Thanks four your advice, yes I like it, you have prepared a very nice and clear library. I clearly understand the codes even though I am new in object detection.

I need to add some new lines to your source code to obtain more detailed result (csv) file that contain performance metrics for both val and train. I will connect you if I face a problem.

Thank you!

sovit-123 commented 2 years ago

Thank you for the feedback. @uysalfurkan I CSV file with mAP metric is already saved. Let me know what other things you want to track in the CSV file. I will add them as well as part of the library.

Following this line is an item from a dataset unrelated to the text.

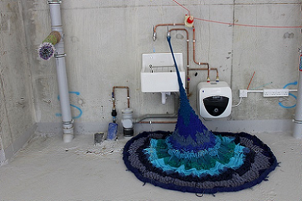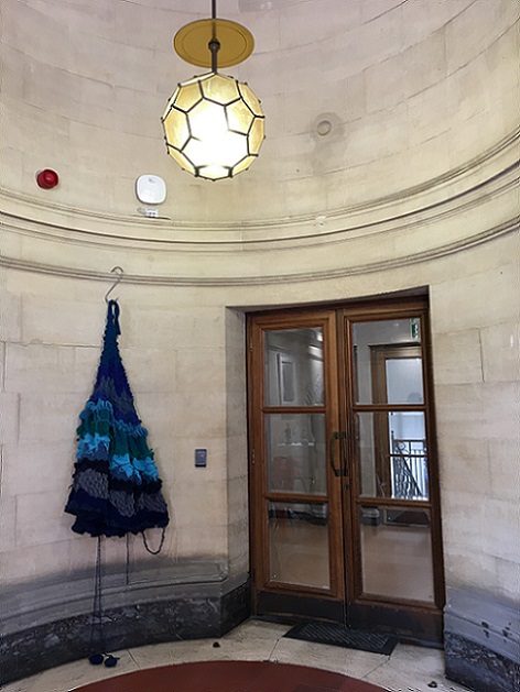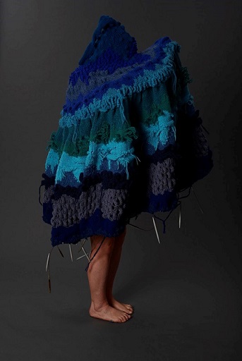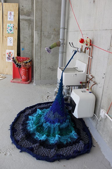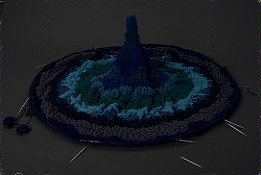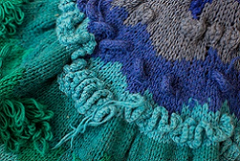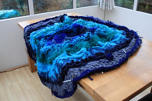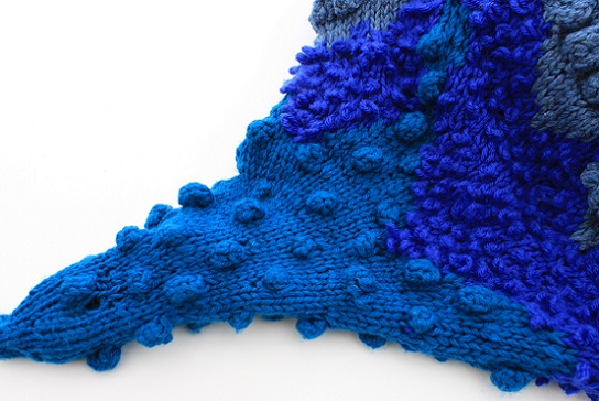 Observing the sea in many conditions, for this piece I was especially interested in capturing the constantly varying textures of the sea, so I used different sculptural knitting techniques in ever increasing concentric circles in a range of blues. Naturally, I am unable to emulate the fleeting nature of those changes through knitting, but it has a pleasing aesthetic.

uysalfurkan commented 2 years ago

My purpose is to visualize the metrics (mAP [0.5 and 0.5_0.9], recall, precision, loss [object and box]) of both validation and training per epoch over the same plot. In order to do that I need a csv file which contains these metrics and epoch number.

Additionally, it would be perfect if we have a result_info.txt file that generated at the end of the training process and contains hyper parameters such as learning rate, optimizer name, batch size and model informations such as pre-trained model and backbone version.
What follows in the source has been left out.